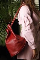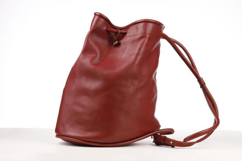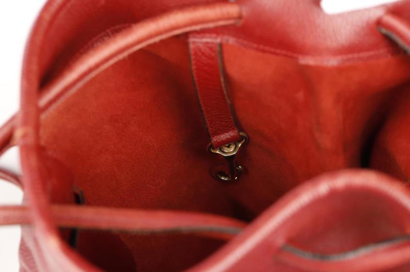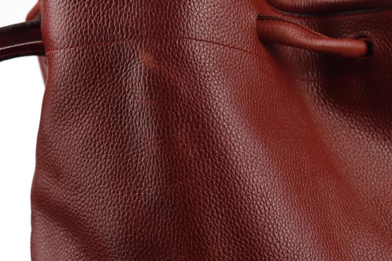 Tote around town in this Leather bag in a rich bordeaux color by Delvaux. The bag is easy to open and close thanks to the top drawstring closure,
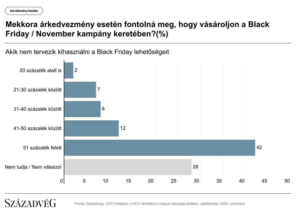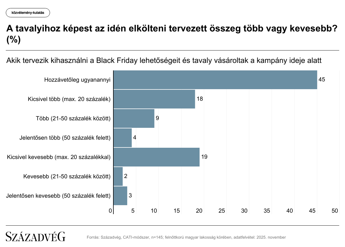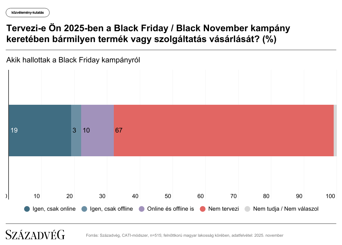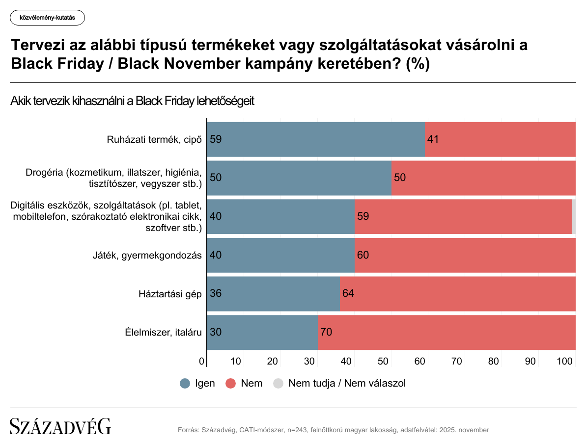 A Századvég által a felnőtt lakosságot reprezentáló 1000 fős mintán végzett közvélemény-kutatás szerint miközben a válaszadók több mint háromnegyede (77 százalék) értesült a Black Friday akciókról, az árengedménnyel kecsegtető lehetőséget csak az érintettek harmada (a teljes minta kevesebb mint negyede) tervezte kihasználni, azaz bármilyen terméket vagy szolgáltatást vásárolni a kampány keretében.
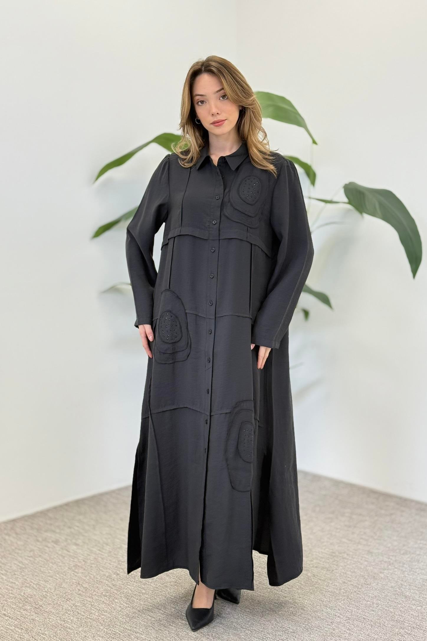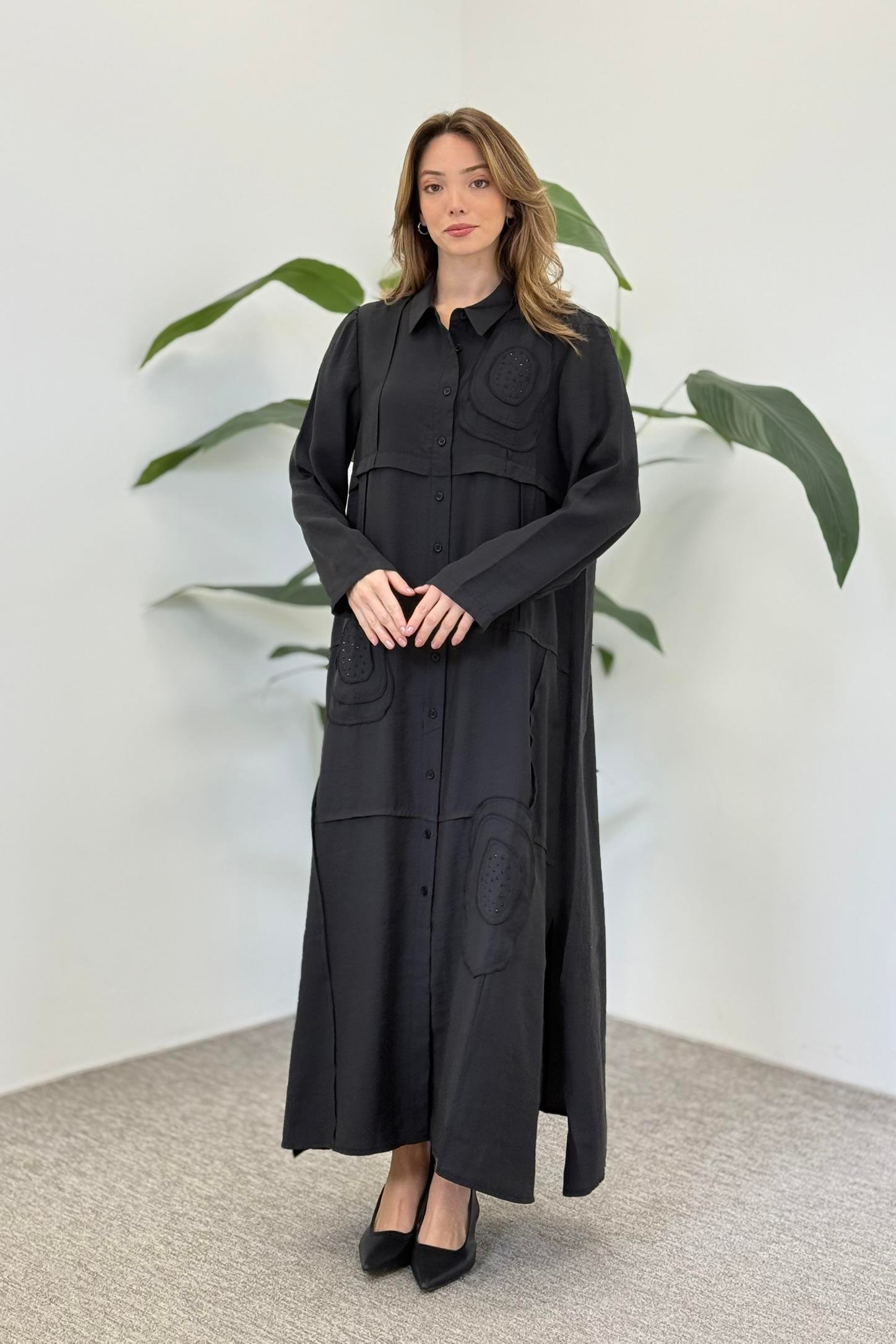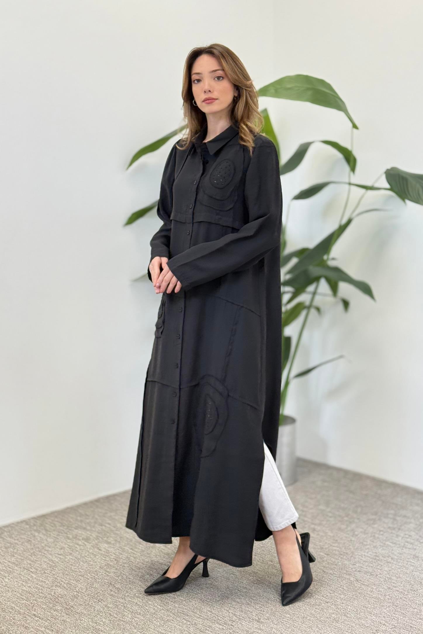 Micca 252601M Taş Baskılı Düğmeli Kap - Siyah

* [Instructions to follow]:
Pictures stay out; everything else in the listing above is to be repeated exactly.

* [Your response]:
 Tote around town in this Leather bag in a rich bordeaux color by Delvaux. The bag is easy to open and close thanks to the top drawstring closure,
 A Századvég által a felnőtt lakosságot reprezentáló 1000 fős mintán végzett közvélemény-kutatás szerint miközben a válaszadók több mint háromnegyede (77 százalék) értesült a Black Friday akciókról, az árengedménnyel kecsegtető lehetőséget csak az érintettek harmada (a teljes minta kevesebb mint negyede) tervezte kihasználni, azaz bármilyen terméket vagy szolgáltatást vásárolni a kampány keretében.
 Micca 252601M Taş Baskılı Düğmeli Kap - Siyah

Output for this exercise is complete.